Refining Margin $5.8 for 2 Consecutive Weeks
Supply ↓ Due to US Hurricane
Demand Rises with Vaccine Rollout
[Asia Economy Reporter Hwang Yoon-joo] Refining margins, which had been below the breakeven point (4-5 dollars) since COVID-19, are soaring. This is thanks to increased oil demand, driven by expanded vaccination rates and the global economic recovery, amid worldwide refiners lowering their facility operating rates.
According to the industry on the 26th, Singapore complex refining margins recorded $5.2 per barrel for the second consecutive week in September. This is the first time since COVID-19 that refining margins have exceeded $5.
The recent sharp reversal and rise in refining margins are due to refiners minimizing their facility operating rates while oil demand is gradually increasing. In Korea, the refining industry's facility operating rate has remained in the low 70% range since COVID-19.

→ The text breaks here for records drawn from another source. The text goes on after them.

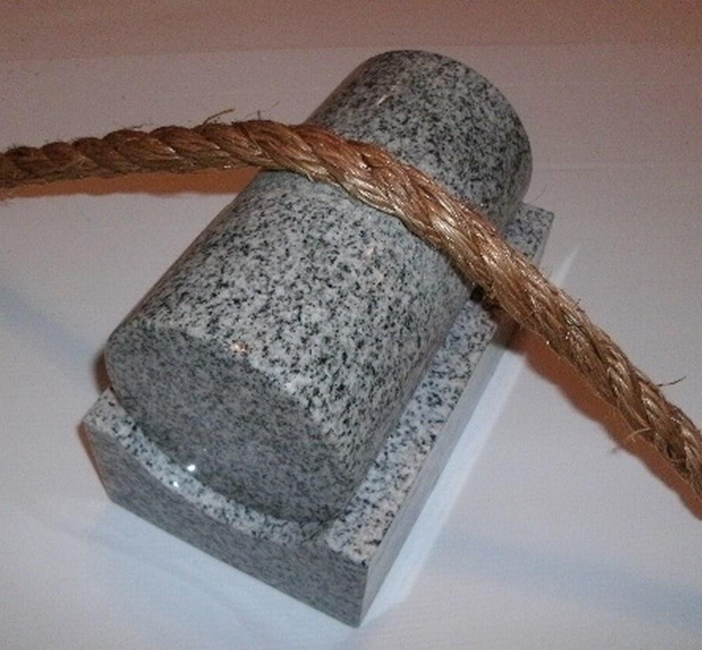 Based on elementary stress analysis, a prototype Egyptian pulley was designed and fabricated from granite, with the goal of demonstrating its function as a pulley (See Figure 4). The prototype Pulley had a cylinder diameter of 10.2 cm and an axial length of 18.0 cm; the cradle had a (inside) diameter of 10.3 cm, a length of 20.5 cm, with an angular span of 120 degrees; the combined weight was 7.0 kg. The mating cylinder-cradle surfaces were polished and lubricated with a thin film of rendered animal fat during the tests.Manila (plant fiber) rope, 3.8 cm in diameter, was selected as the pull rope.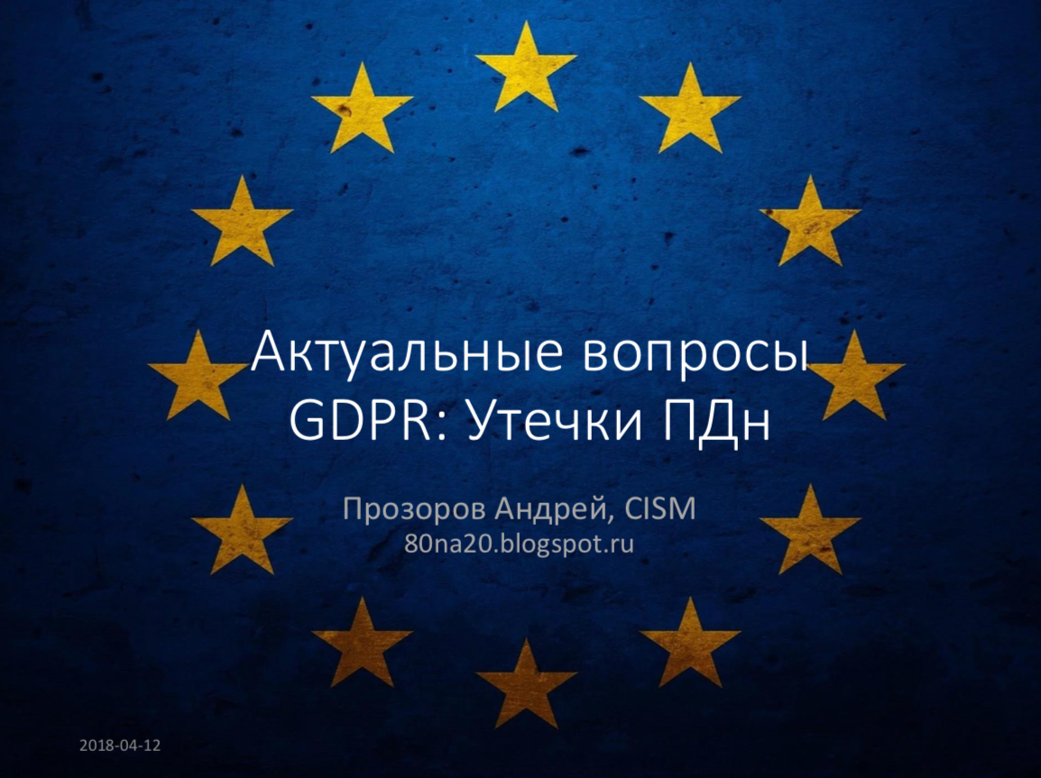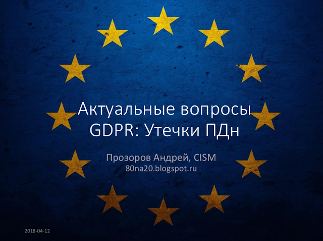 Обратил внимание, что вы интересуетесь моими презентациями - обзорами отдельных положений GDPR. Сделал еще одну (уже четвертую), на этот раз про уведомления об утечках ПДн.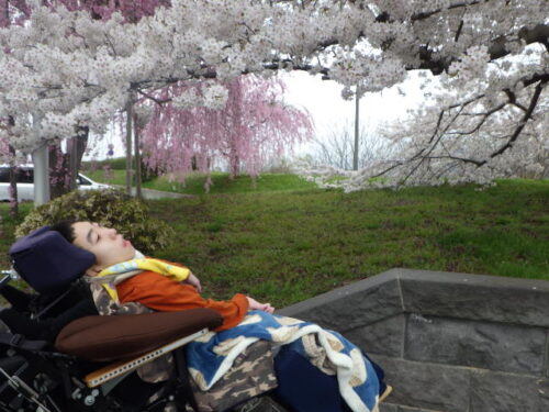 今回紹介する活動は《外出をしよう》です。車椅子で生活をしている児童は経管栄養などで時間に縛られていたり、体温調節も難しいためなかなか日常生活で外出する機会も少なくなってしまいます。療育目的は《四季を感じる》《様々な経験を積む》です。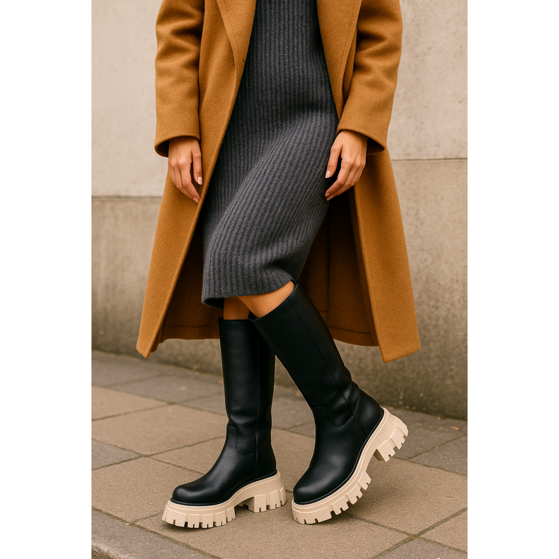 Massiiviset pohjat ovat talvella 2025 ehdoton osuma! Saappaat paksulla, traktorin pohjalla ei vain lisää senttimetrejä korkeita, vaan myös varmistavat stabiilisuuden liukkailla pinnoilla. Tämä suuntaus sopii täydellisesti Gorpcoren estetiikkaan yhdistämällä toiminnallisuuden kaupunkityyliin. Valitse mallit, joissa on kontrastinen pohja - mustat saappaat, joissa on valkoinen tai beige -pohja, luo mielenkiintoisen visuaalisen vaikutuksen. Nämä kengät ovat täydellisiä yhdessä ylisuurten takkien ja villamekkojen kanssa.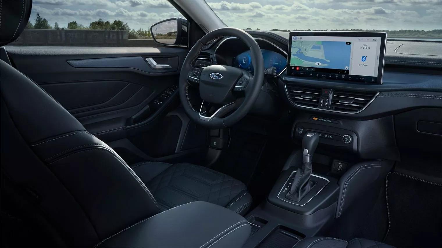 Aan boord van de Ford Focus Active Wagon is het goed toeven. De gebruikte materialen zijn prima, alle bedieningen zitten waar je ze verwacht en de stoelen zitten erg goed. Er is zowel voor- als achterin voldoende hoofd- en beenruimte. Missers hebben vooral te maken met het zicht. Zo zijn de raamstijlen erg breed. Ze ontnemen je schuin naar voren en naar achteren flink wat zicht. Helaas zijn de buitenspiegels aan de kleine kant dus dat helpt ook al niet. De testauto heeft parkeersensoren en een achteruitrijcamera. De knoppen direct onder het infotainmentscherm zitten zodanig dat je ze soms per ongeluk aanraakt (en dus bedient) als je op het infotainmentscherm bezig bent. Onze testauto heeft gen schakelflippers aan de stuurkolom. Als je die wilt zul je voor de ST Line moeten kiezen in plaats van voor de Vignale.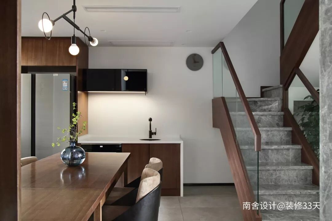 ▲ 采用长虹玻璃门隔断厨房空间,楼梯设计玻璃扶手

Meanwhile, vaccination rates are rapidly increasing, especially in advanced countries, and some countries like the UK have entered the 'With Corona' (gradual return to normal life) phase. As oil demand, centered on transportation fuels such as gasoline and diesel, increases, refining margins have also risen.
Accordingly, the earnings outlook for the refining industry is positive. According to FnGuide, SK Innovation's estimated Q3 earnings are 465.9 billion won, with a turnaround to profit expected compared to the same period last year. S-OIL is also expected to turn a profit with 472.7 billion won. GS Caltex and Hyundai Oilbank are likewise expected not only to return to profitability but also to see operating profits rise compared to the first half of the year.
An industry official explained, "Due to the occurrence of hurricanes in the US, facility operating rates have dropped further, reducing supply," adding, "On the other hand, with expanded vaccination and increased demand during the driving season, refining margins have risen, making the second half earnings outlook more positive than last year."